ACTIVITY
Pull out every line below holding the word "lettuce".

GIVEN INFORMATION
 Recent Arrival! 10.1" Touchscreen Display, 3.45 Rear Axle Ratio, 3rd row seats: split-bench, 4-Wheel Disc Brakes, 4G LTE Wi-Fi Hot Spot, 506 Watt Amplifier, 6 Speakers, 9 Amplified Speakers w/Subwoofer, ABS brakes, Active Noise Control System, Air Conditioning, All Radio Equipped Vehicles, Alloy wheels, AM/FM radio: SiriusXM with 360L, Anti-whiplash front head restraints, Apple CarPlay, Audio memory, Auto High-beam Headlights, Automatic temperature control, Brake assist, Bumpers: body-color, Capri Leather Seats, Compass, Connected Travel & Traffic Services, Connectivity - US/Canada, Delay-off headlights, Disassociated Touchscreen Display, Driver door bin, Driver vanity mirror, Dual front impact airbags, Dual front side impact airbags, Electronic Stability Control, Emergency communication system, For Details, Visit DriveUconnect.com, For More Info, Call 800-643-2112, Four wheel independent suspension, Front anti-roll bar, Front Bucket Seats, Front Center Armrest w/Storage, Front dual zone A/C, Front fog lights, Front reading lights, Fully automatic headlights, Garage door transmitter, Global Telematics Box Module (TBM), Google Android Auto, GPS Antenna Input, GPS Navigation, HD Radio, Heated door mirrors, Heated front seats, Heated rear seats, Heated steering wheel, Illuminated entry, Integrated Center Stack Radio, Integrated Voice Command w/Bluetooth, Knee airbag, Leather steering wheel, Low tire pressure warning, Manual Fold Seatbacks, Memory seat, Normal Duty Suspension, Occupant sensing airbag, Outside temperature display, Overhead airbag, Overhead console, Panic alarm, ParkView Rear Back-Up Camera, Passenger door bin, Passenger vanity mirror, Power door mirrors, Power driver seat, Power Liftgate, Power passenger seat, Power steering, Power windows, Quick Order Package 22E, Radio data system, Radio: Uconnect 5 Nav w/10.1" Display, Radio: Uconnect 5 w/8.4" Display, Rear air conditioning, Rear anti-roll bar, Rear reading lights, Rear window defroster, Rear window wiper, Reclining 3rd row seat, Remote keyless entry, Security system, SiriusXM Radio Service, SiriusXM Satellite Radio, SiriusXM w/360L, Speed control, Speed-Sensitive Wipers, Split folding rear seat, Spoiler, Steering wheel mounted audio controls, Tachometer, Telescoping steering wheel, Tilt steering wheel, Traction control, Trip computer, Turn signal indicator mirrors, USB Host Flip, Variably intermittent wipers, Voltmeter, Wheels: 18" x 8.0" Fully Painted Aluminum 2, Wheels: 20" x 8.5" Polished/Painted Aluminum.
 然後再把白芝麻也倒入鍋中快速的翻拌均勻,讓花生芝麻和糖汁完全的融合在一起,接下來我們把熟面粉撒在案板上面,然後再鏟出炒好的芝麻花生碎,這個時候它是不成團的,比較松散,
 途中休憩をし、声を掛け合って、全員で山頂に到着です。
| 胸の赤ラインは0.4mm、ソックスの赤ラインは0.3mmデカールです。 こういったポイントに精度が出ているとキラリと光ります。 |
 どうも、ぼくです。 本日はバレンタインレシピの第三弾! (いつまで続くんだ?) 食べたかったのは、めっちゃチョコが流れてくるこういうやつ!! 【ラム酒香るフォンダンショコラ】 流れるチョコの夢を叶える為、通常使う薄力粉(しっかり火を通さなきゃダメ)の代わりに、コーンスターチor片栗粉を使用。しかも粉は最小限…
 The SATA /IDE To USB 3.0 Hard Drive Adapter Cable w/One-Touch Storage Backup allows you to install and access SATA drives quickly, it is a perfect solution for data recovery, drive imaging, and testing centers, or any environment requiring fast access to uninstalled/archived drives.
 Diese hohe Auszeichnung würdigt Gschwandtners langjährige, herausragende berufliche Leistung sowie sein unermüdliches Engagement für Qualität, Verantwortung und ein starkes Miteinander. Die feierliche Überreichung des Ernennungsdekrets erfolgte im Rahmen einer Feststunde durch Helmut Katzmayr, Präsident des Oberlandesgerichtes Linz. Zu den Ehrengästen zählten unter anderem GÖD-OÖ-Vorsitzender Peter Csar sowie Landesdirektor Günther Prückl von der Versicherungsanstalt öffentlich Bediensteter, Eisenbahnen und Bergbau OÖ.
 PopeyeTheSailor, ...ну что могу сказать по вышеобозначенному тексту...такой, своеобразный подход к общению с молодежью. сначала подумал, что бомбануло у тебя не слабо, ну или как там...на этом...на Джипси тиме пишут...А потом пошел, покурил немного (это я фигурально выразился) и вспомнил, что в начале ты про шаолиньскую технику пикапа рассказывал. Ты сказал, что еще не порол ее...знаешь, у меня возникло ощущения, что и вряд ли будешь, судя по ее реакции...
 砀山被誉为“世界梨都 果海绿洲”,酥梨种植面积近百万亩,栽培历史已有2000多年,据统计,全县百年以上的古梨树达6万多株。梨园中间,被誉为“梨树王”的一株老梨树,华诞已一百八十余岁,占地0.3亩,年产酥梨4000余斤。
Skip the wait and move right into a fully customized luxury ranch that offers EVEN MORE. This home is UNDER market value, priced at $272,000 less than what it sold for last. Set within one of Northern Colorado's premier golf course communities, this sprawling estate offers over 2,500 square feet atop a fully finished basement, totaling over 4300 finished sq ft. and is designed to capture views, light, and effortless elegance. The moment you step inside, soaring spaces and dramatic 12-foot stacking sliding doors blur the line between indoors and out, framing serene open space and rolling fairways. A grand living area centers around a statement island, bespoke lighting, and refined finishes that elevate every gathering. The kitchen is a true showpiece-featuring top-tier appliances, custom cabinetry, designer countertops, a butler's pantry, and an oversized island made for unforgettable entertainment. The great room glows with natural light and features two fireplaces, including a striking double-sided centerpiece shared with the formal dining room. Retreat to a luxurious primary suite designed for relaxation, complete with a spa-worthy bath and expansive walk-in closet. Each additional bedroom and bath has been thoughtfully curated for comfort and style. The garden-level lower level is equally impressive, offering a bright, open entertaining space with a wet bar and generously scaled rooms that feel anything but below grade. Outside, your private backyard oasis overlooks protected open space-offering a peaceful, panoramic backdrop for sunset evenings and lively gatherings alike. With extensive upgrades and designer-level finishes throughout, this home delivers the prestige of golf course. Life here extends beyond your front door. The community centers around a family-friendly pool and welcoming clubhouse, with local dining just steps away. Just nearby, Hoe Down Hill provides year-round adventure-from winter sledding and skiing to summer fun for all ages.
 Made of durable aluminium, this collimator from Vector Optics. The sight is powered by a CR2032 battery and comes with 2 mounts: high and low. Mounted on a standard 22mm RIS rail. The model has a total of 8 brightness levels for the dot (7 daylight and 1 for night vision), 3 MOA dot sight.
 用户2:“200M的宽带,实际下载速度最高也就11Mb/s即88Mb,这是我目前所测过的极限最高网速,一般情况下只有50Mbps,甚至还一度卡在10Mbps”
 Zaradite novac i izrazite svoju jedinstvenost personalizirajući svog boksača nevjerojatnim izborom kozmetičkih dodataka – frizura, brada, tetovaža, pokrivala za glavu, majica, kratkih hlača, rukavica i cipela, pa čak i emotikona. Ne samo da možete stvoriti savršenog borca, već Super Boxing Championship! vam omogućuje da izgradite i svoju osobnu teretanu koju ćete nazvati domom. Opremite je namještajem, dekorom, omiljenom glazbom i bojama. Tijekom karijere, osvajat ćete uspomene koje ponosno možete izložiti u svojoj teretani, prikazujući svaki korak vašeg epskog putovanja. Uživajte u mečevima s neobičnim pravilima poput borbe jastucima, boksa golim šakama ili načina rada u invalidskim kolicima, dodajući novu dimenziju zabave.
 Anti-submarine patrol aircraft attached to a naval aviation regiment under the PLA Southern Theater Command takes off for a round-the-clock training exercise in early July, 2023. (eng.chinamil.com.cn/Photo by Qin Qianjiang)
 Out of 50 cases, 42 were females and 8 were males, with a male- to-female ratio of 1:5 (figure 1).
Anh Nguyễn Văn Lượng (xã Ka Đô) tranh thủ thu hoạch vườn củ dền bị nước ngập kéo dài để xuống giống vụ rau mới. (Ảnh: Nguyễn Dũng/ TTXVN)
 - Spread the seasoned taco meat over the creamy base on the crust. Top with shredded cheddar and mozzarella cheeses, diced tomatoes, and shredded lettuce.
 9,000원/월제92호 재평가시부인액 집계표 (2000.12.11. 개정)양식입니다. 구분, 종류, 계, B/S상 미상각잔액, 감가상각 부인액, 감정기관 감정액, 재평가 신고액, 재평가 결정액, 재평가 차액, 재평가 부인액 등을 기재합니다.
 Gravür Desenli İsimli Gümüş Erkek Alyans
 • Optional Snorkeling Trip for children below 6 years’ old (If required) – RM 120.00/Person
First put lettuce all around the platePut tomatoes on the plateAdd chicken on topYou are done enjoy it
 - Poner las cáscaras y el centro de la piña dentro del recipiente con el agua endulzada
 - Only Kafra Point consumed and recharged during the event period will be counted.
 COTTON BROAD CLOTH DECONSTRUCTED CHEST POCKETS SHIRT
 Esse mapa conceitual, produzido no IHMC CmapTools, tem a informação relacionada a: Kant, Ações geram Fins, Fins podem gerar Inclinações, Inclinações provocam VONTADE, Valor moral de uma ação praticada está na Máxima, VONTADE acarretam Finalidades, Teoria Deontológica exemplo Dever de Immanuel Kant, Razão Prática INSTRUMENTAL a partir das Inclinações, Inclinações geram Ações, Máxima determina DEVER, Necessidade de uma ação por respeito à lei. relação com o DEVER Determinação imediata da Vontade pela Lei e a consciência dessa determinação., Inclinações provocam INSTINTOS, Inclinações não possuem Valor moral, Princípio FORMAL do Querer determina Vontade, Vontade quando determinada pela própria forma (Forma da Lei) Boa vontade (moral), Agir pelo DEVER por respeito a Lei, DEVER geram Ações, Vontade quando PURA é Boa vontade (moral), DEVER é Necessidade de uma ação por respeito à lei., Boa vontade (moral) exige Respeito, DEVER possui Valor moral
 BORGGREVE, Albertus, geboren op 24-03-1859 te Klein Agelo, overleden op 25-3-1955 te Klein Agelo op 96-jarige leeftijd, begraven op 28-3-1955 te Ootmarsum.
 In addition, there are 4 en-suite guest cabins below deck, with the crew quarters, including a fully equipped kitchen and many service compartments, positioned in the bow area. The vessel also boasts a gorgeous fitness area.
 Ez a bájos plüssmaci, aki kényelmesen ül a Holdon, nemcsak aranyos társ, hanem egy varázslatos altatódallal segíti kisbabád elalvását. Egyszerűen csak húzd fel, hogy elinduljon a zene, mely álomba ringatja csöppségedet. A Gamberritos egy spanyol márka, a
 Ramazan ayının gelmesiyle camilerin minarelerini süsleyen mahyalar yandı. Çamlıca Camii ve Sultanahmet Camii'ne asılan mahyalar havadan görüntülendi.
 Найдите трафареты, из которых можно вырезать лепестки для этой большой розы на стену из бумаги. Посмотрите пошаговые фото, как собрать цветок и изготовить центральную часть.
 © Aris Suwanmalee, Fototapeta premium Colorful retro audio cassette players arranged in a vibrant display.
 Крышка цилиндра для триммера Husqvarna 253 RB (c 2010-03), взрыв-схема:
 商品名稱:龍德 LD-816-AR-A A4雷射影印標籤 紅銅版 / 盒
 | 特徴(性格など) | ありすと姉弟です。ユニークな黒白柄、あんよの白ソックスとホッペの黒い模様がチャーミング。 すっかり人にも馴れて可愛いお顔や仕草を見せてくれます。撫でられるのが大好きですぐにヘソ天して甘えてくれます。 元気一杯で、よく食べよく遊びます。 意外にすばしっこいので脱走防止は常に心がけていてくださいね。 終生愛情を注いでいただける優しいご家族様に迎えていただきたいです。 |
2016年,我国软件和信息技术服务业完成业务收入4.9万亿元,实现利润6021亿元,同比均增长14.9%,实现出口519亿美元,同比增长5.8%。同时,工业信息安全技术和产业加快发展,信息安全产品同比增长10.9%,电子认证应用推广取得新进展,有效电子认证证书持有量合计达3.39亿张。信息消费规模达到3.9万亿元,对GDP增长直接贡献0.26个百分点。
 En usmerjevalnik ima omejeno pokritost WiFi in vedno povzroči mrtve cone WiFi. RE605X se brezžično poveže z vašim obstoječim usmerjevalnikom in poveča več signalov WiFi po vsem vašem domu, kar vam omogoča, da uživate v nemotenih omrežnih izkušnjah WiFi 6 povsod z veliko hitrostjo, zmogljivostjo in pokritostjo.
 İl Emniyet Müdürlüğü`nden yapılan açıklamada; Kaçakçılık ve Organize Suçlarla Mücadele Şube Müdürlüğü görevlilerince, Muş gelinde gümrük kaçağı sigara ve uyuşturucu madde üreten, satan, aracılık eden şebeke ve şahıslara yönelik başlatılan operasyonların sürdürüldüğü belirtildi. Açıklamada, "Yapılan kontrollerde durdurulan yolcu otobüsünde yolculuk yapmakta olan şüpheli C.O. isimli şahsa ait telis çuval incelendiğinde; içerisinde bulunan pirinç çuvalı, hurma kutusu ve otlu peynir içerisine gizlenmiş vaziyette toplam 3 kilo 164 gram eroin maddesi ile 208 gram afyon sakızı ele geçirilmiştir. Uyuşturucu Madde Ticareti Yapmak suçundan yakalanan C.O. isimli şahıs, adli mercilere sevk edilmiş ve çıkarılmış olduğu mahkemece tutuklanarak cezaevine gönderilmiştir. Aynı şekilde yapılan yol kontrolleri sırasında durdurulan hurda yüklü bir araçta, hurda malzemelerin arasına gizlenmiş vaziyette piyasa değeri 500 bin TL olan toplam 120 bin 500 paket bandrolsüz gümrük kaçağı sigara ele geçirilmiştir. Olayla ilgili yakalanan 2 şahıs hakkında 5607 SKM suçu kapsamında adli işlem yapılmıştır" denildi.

ANSWER BELOW
 - Spread the seasoned taco meat over the creamy base on the crust. Top with shredded cheddar and mozzarella cheeses, diced tomatoes, and shredded lettuce.
First put lettuce all around the platePut tomatoes on the plateAdd chicken on topYou are done enjoy it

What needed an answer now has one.